StatMod provides the option to automatically submit jobs to S-PLUS, in which case all interactions with S-PLUS are through an ArcView dialog box. Alternatively StatMod allows manual creation of tree models in S-PLUS, which can thereafter be spatially applied in ArcView. This flexibility extends the functionality of StatMod to a range of users―from those with little experience using S-PLUS to experienced S-PLUS users. A basic knowledge of ArcView is, however, necessary to successfully use StatMod.
The response variable, or training theme, is represented by training sites distributed throughout the study area and may be either a point or polygon theme. The training theme must have an attribute field containing codes or descriptions for the land cover classes to be modeled using the CT. Explanatory variables are spatial data layers from which CT rules will be generated to predict the spatial distribution of land cover. Examples of explanatory variables include individual satellite image bands, band transformations such as NDVI (Normalized Difference Vegetation Index), a digital elevation model, and topographic aspect or geology GIS data sets. When the training variable is a point theme, explanatory variables can be either polygon or grid themes. When the training variable is a polygon theme, explanatory variables must be grid themes.
Once a training theme and multiple explanatory themes are added to the View, the associated value for each training site is obtained by intersecting the training theme through the explanatory themes. When the training theme is a point theme, the value in each training site is the intersected value taken from the explanatory themes. When the training theme is a polygon theme, StatMod provides a choice of statistics such as mean, maximum, or majority value to characterize each training site. Refer to Figure 1 for a graphic depiction of how the response (dependent) variable and explanatory (independent) variables are identified in the StatMod dialog box.

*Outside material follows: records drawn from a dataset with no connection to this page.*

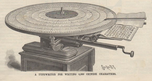 1880年代,历史上的第一台中文打字机由美国传教士谢卫楼发明。1899年3月6日,《科学美国人》刊登了一幅谢卫楼发明的中文打字机图片,它看上去与雷明顿打字机截然不同。这台打字机由一个大圆盘构成,上面密密麻麻地排列了30圈汉字(总计4662个),这些汉字按照使用频率进一步分入四个分区。所谓“打字”,实际上是打字员用手操作选字杆,择取所需的汉字。这一发明虽然令谢卫楼倍感自豪,但它一直停留在原型机的阶段。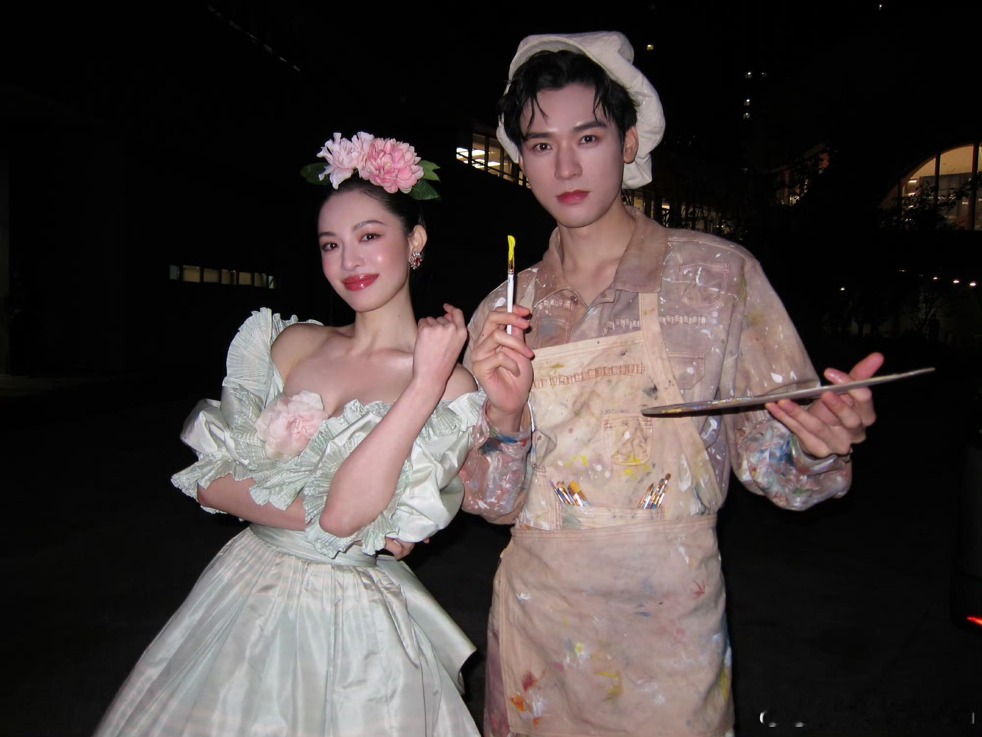 我天,龚俊和钟楚曦这一张好有故事感!画家和他笔下走出来的画里的人物[求关注] vogue盛典红毯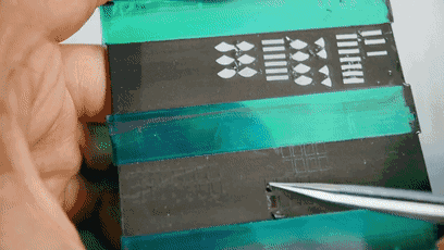 这样灵活的机器人,其制作过程却很简单,大致流程是:把适量硅胶和汝铁硼微颗粒倒到容器中,用搅拌棒将其搅拌均匀,待其成为黏性膏状物时,均匀的涂抹在有标定厚度的玻璃板上。待膏状物晾干后,用类似于激光的工具,准确的切割出想要的尺寸。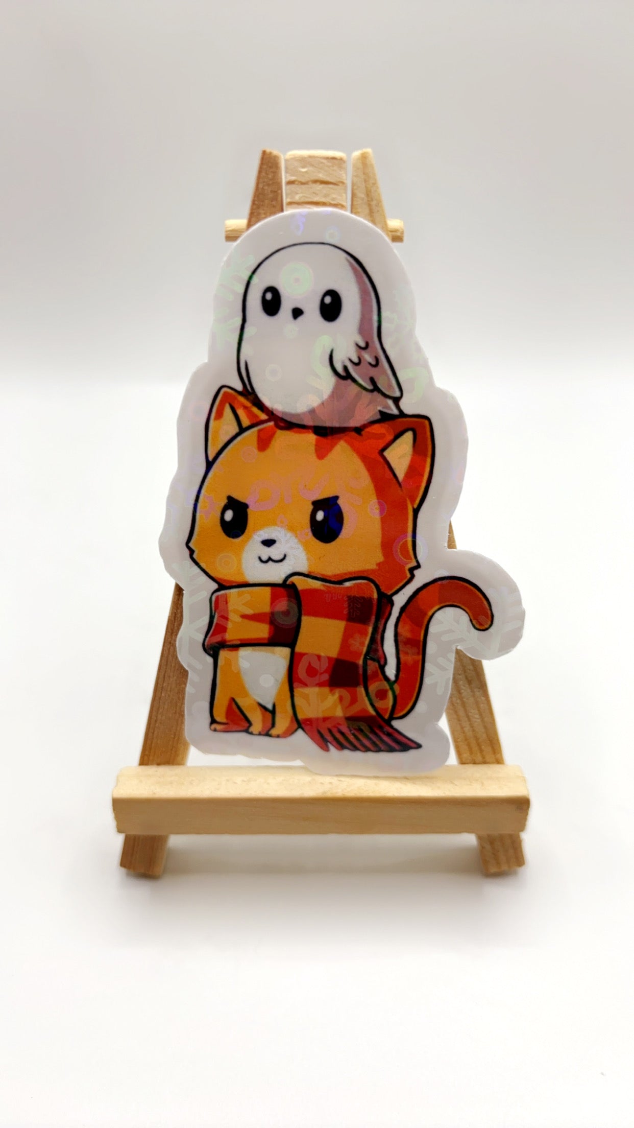 Embrace your love for whimsical art with our delightful Cat and Owl Sticker! Perfect for adding a touch of personality to your belongings, this sticker is not just an accessory, but a statement of your unique style.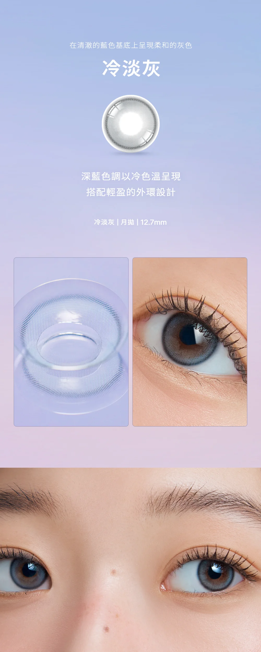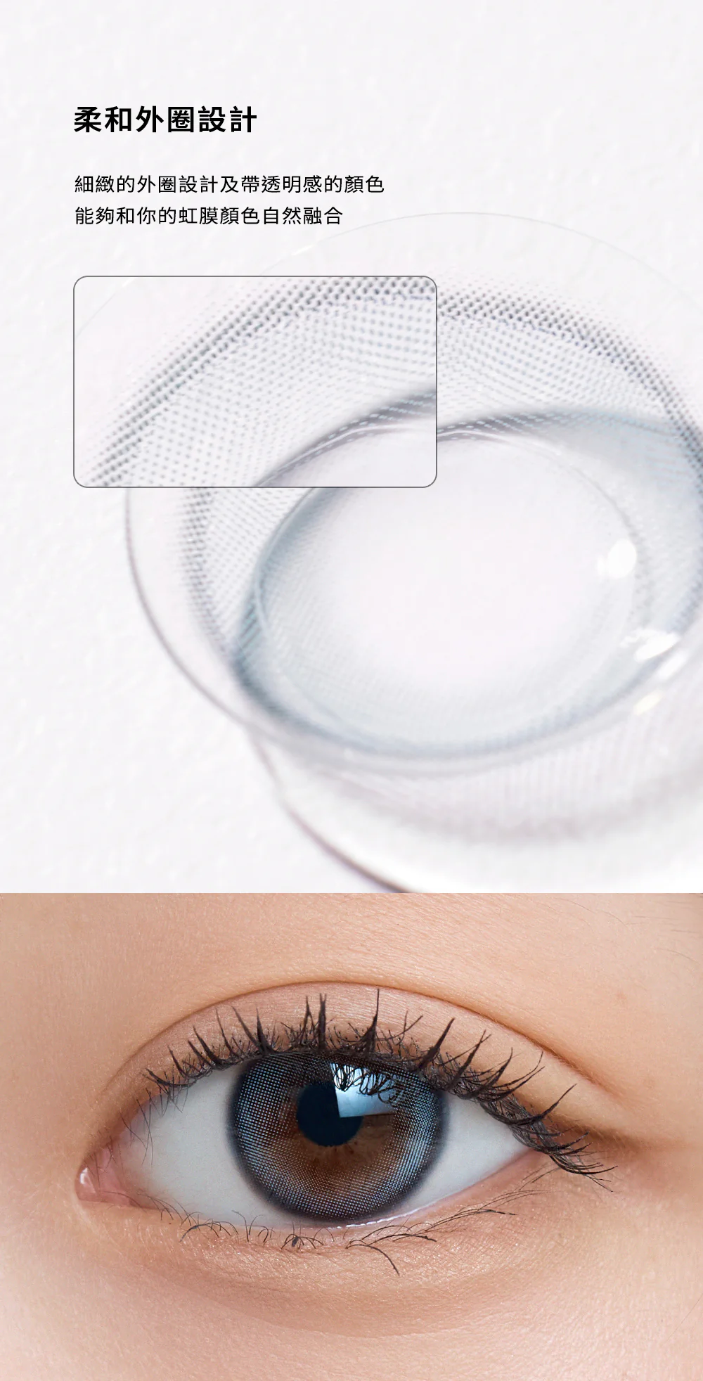 ⭕ 極細緻圓環鎖邊 (Thin Ring Edge):配備了極細的鎖邊設計,能輕柔地勾勒出眼部輪廓。在 12.7mm 的小直徑下,既能定義眼神的深邃感,又不會產生厚重的框架感。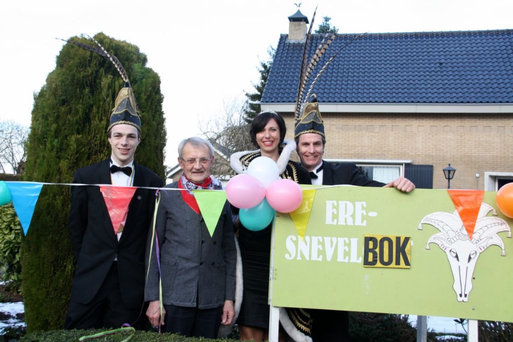 Prinses Marianne en haar gevolg hebben vanmiddag Henk Bronts in het zonnetje gezet als Eresnevelbok. Met een groot bord in de voortuin kan het geen enkele voorbijganger ontgaan dat hier een bijzonder iemand woont. Trots poseerde Henk samen met Prinses Marianne d'un Urste.
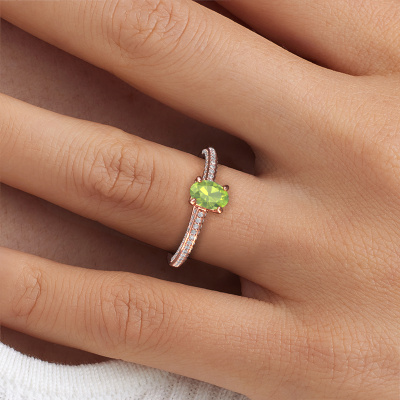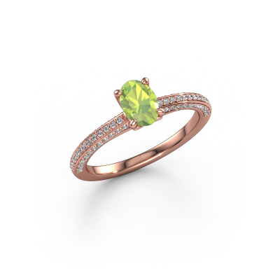 The ring shown above is called the Elenore ovl. We call this type of ring a pavé solitaire ring because it has one centre gemstone and a band that is also pave set with gemstones. This engagement ring is made in 14 Carat rose gold set with a 6.5x4.5 mm oval peridot, and pave set diamonds at the sides. Each piece of jewellery is made by a team of passionate goldsmiths and jewel designers. This will make your crown jewel truly eye-catching.This exclusive rose gold pavé solitaire engagement ring has an exquisite oval peridot centre stone. To further accentuate the centre stone, the band is set full with more diamonds. Its open prong setting allows light to strike the peridot from various angles and this adds sparkle to your peridot ring. The photo shown above depicts the goldsmith's carefully handcrafted details of the ring. The high positioning of the centre stone is truly eye-catching. The perfect engagement ring for the crown jewel of your life!After receiving your order, our goldsmiths will start the creative process of making your Elenore ovl engagement ring. We don't keep stock. This is advantageous because these costs will not be passed on to you. Therefore, we can offer jewellery at exceptionally low prices.Have you found a specific engagement ring somewhere which you would like to give to your loved one? Please feel free to express your wishes to our jewel designers because we would be honoured to turn your design into a exclusive engagement ring. You can follow the development of your ring design because we use 3D drawings. This gives you a realistic preview of how your design will look. You can also preorder a dummy. A dummy is a plastic ring, which can be shaped according your ring design. You can try it on and check if its width and size are suitable for you. We will gladly send you a non-binding offer, based on a fair price/ quality ratio. It will amaze you, considering the quality of the ring and gemstones.To make it easier for you, we offer a 30 day return policy. Check our terms and conditions.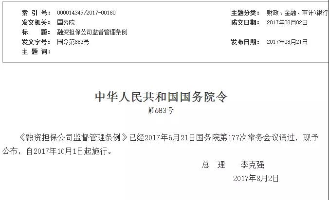 為了規(guī)范融資擔(dān)保公司的行為,防范風(fēng)險(xiǎn),2017年8月2日,國(guó)務(wù)院總理李克強(qiáng)簽署國(guó)務(wù)院令683號(hào),公布《融資擔(dān)保公司監(jiān)督管理?xiàng)l例》(以下簡(jiǎn)稱條例),自2017年10月1日起施行。

Figure 1 . StatMod dialog box for Classification and Regression Trees.
The CT algorithm determines the appropriate characteristics of the response variable by recursively splitting the explanatory data into increasingly more homogeneous groups (Figure 2), producing a hierarchical tree composed of “rules” defining the characteristics of each response category (Figure 3). Commonly CT models are overfitted to the training data, that is, the CT algorithm recursively splits the data until rules are generated for specific training sites rather than entire response categories. Once an overfitted tree is generated, it can be reduced in size to create a tree that is neither precisely fitted to the training data nor so general that it is not meaningful. S-PLUS offers two methods for reducing tree size: “pruning” and “shrinking.”

Figure 2 . Example of four cover types discriminated by elevation and Fall NDVI.

Figure 3 . Discrimination rules from Figure 2 presented as a classification tree.
Choosing the best tree reduction method is typically achieved through iteratively growing and reducing tree models, with subsequent evaluation of deviation or misclassification error rates and testing different predictor variables and pruning or shrinking criteria. StatMod provides a convenient interface allowing the user to choose one of several methods of controlling tree size (Figure 4). These include a one standard error rule, Akaike’s information criterion (AIC), the size or number of tree nodes, and a cost complexity parameter. For more detailed information on options for controlling tree size refer to the StatMod user’s guide (Garrard 2002b).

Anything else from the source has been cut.